(Records excerpted from a collection)
-- Opening Marker --
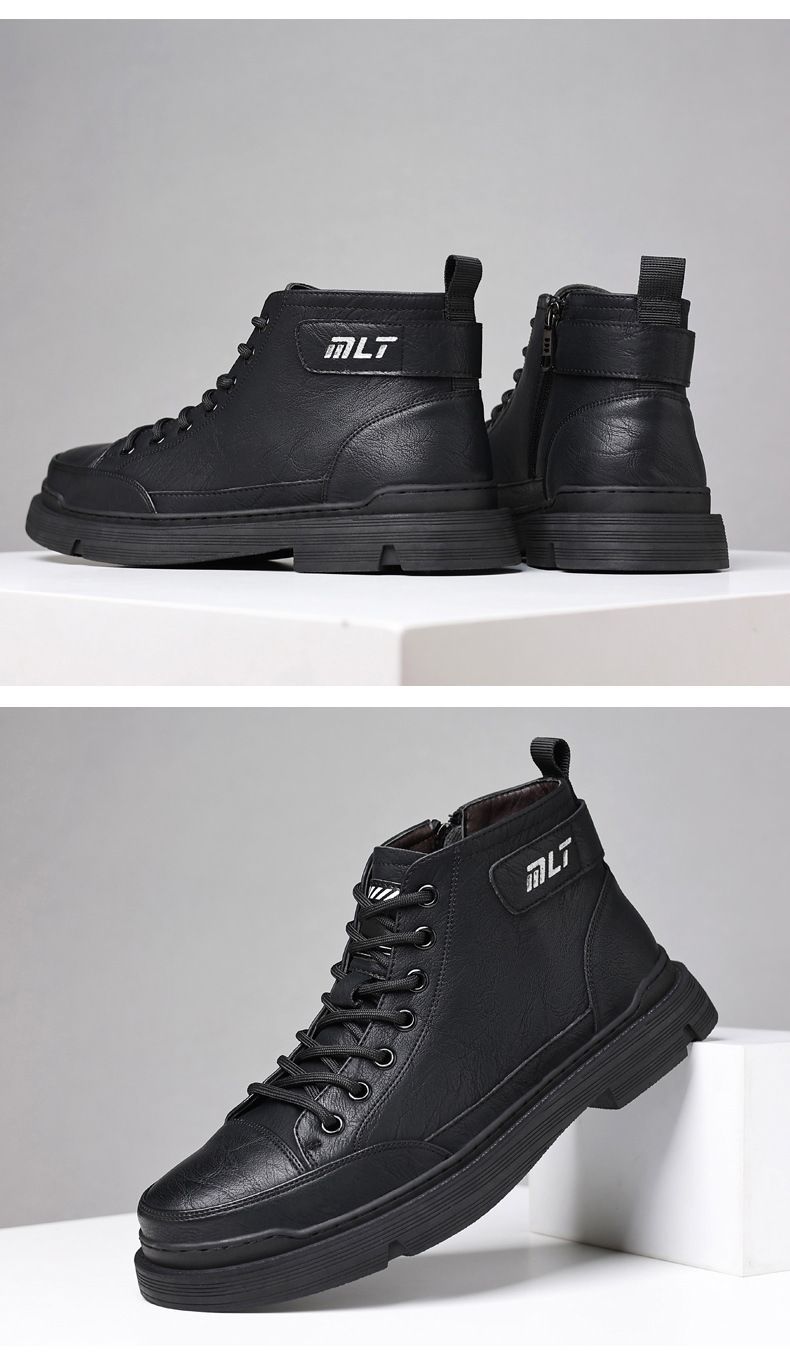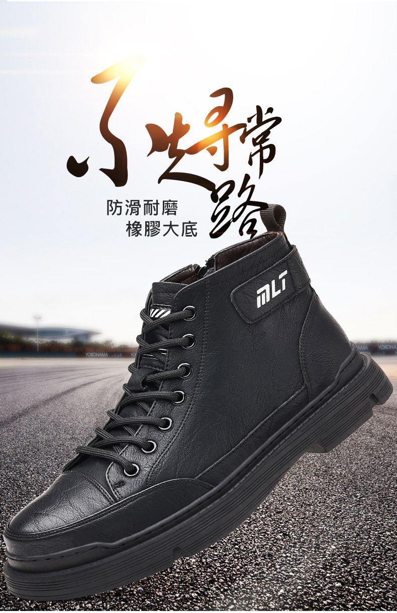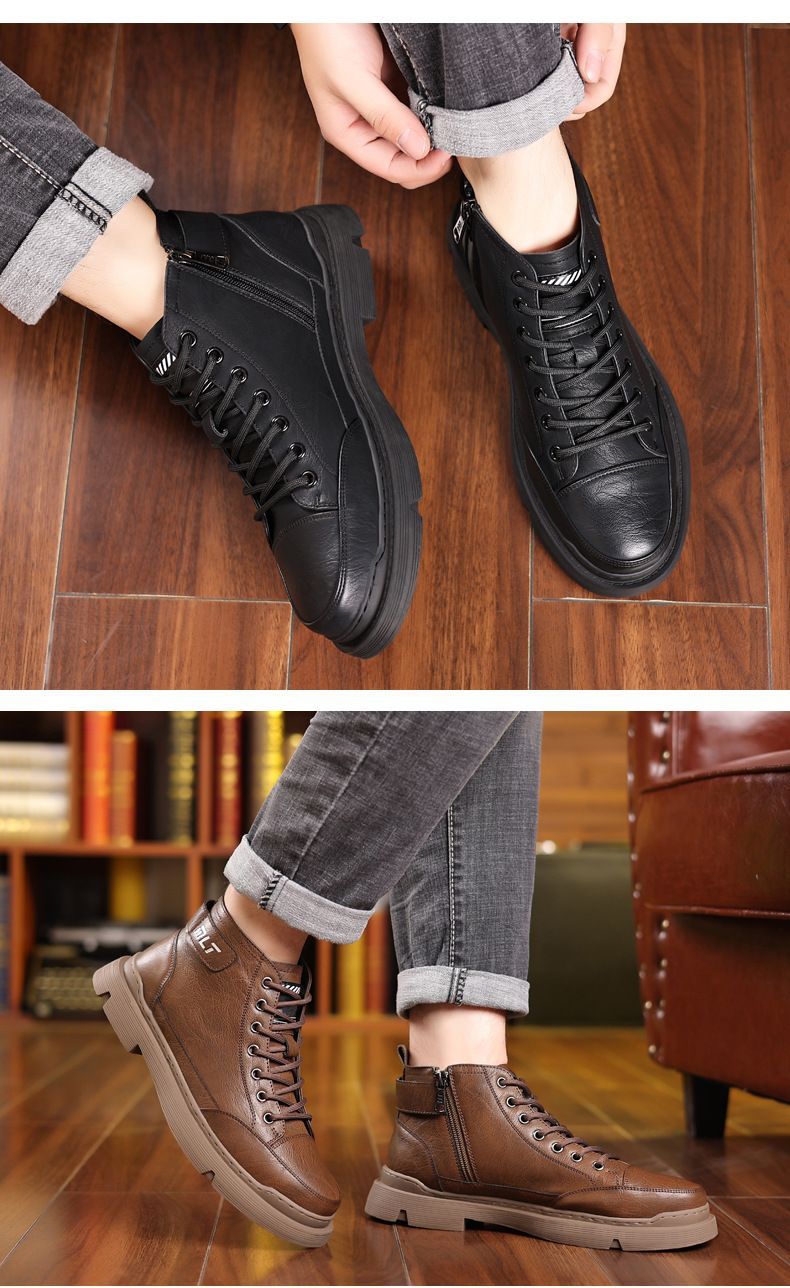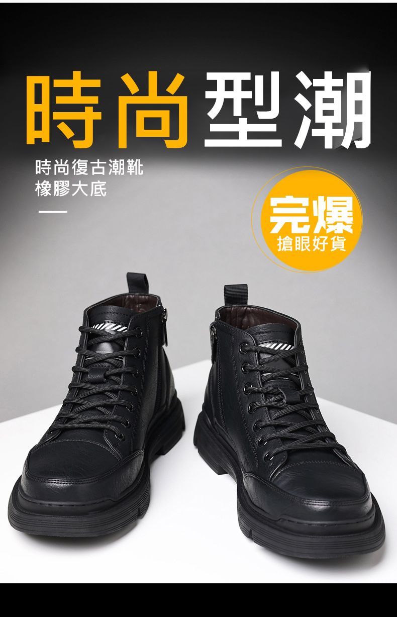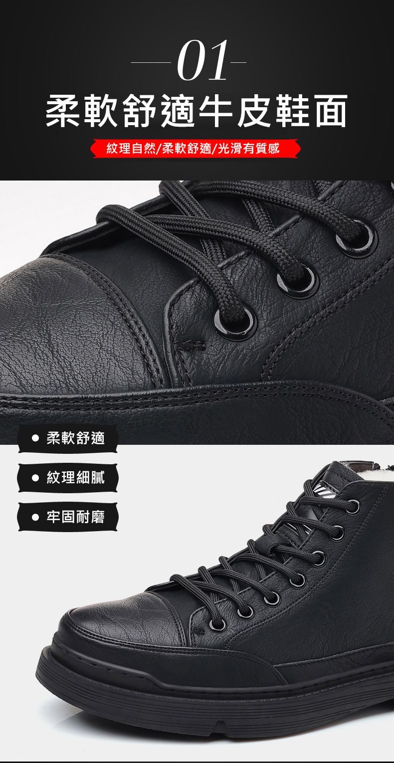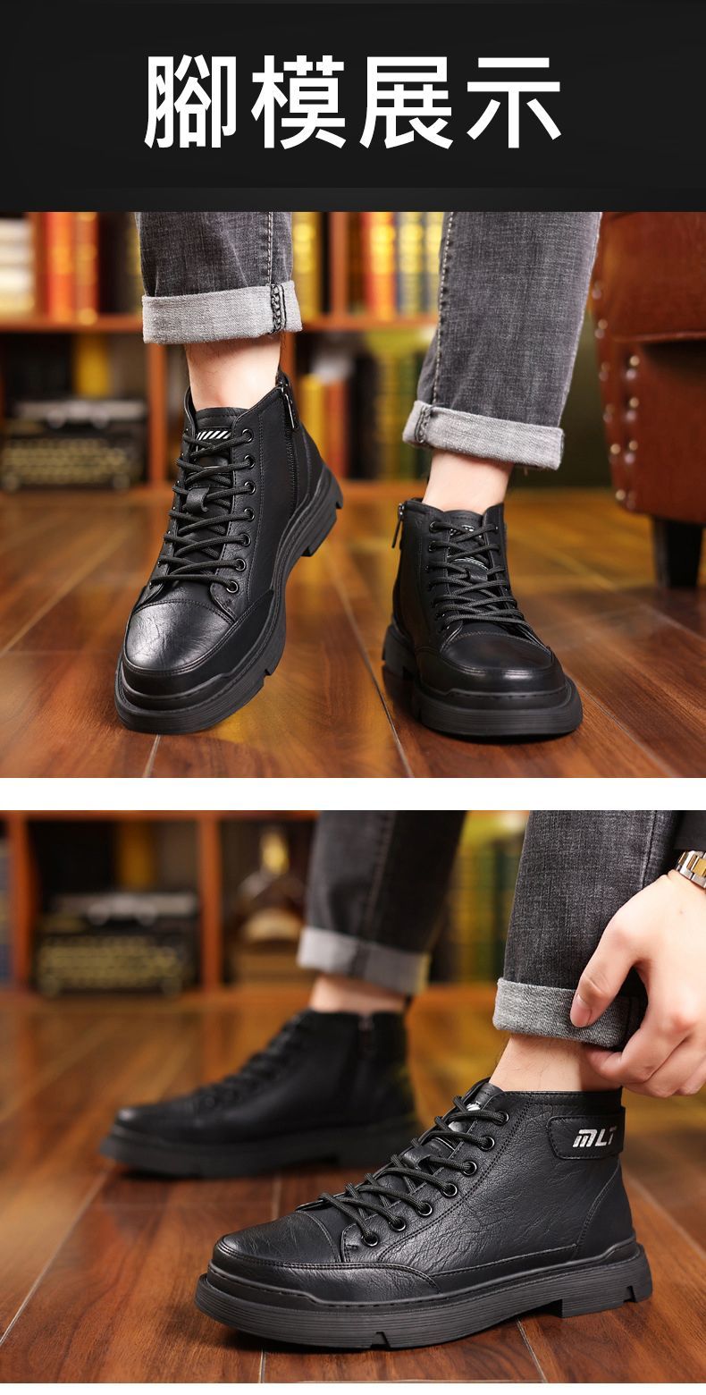 【溫暖每一步!】冬季男士柔軟舒適高幫純牛皮鞋【黑色加絨】一雙
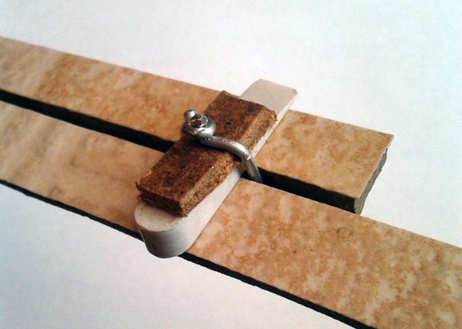 Установив получившийся механизм между плитками, верхние концы проволоки закручивают в спиралевидную форму. Предварительно под проволоку необходимо вставить кусочки оргалита. Таким образом, происходит фиксация материалов. После стопроцентного высыхания клеевого раствора можно убрать зажимы. Выступающие части петли отрезаются кусачками.
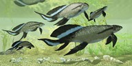 A group of Scaumenacia lobe-finned fish from the Devonian period
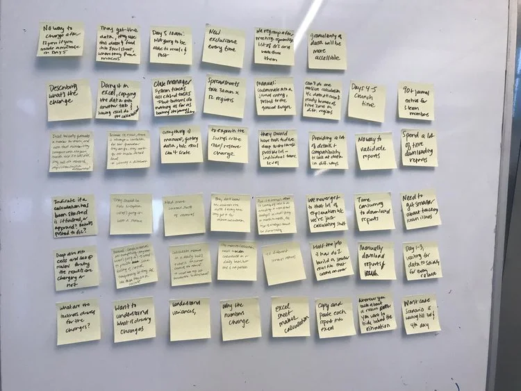 Conducted a total of 11 interviews with both customers (accountants and finance managers) and stakeholders (developers). Created an affinity diagram to analyze results and draw out key research points.
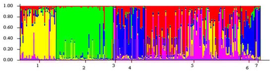 - Pritchard, J.K.; Stephens, M.; Donnelly, P. Inference of population structure using multilocus genotype data. Genetics 2000, 155, 945–959. [Google Scholar] [CrossRef] [PubMed]
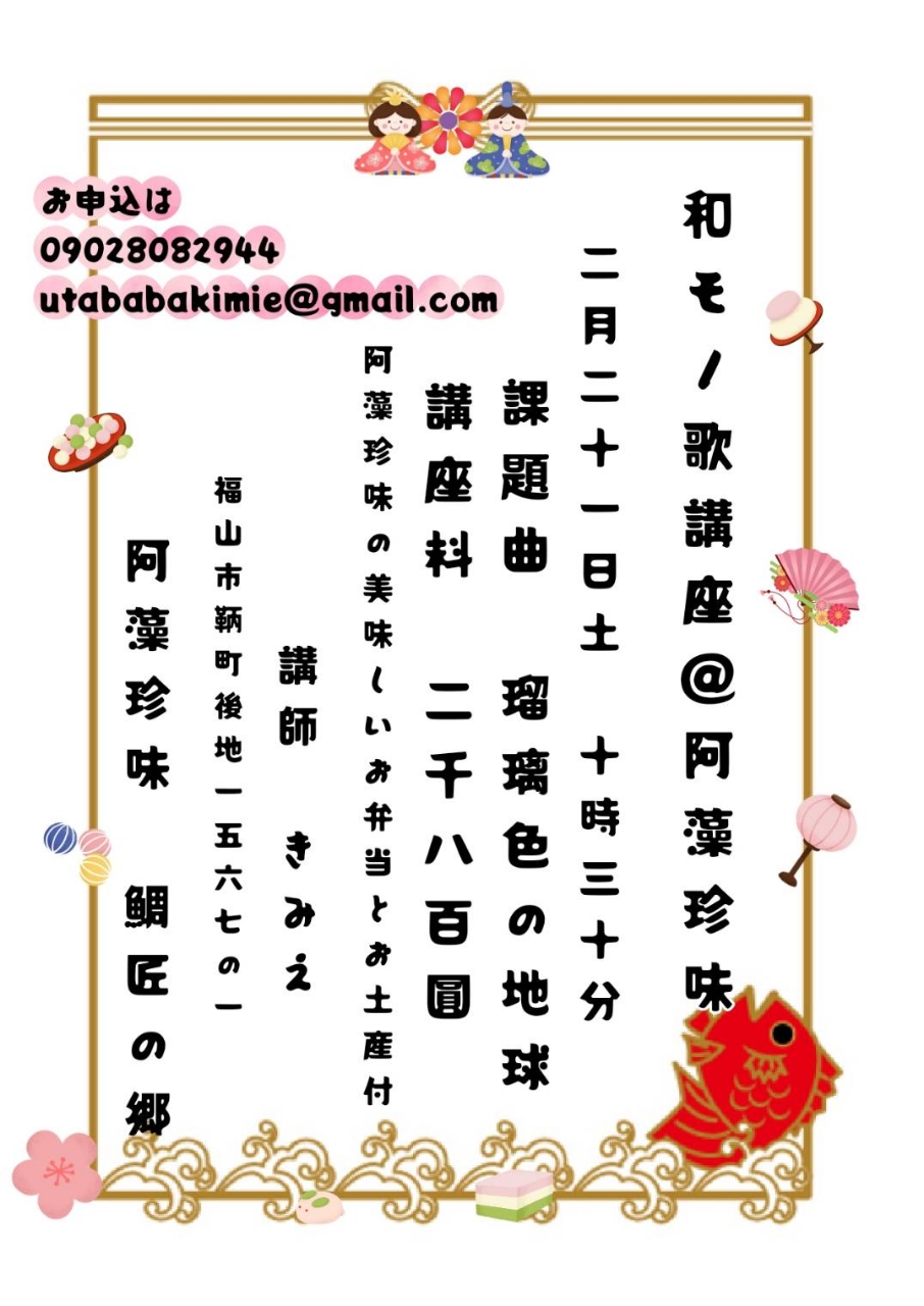 【予告】2/21 和モノ歌講座10:30~【鞆の浦 鯛匠の郷 迎賓館】
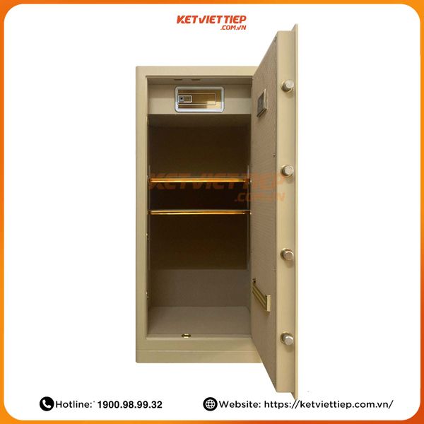 - Thiết kế khoa học: Chiếc két được thiết 3 ngăn khoa học, hợp lý trong đó có 1 ngăn kéo phụ tạo điều kiện để ta có thể phân loại, sắp xếp tài sản một cách phù hợp, gọn gàng. Đặc biệt, chiếc két còn có một không gian bí mật ở chân két phục vụ cho việc cất giữ những tài sản đặc biệt, không ai có thể phát hiện nếu như không phải chủ nhân thực sự của chiếc két.
-- Closing Marker --
Using the entries above, transcribe every line from the line containing "A group of Scaumenacia" through the line containing "和モノ歌講座10:30~【鞆の浦 鯛匠の郷 迎賓館】". Do not copy pictures.

 A group of Scaumenacia lobe-finned fish from the Devonian period
 Conducted a total of 11 interviews with both customers (accountants and finance managers) and stakeholders (developers). Created an affinity diagram to analyze results and draw out key research points.
 - Pritchard, J.K.; Stephens, M.; Donnelly, P. Inference of population structure using multilocus genotype data. Genetics 2000, 155, 945–959. [Google Scholar] [CrossRef] [PubMed]
 【予告】2/21 和モノ歌講座10:30~【鞆の浦 鯛匠の郷 迎賓館】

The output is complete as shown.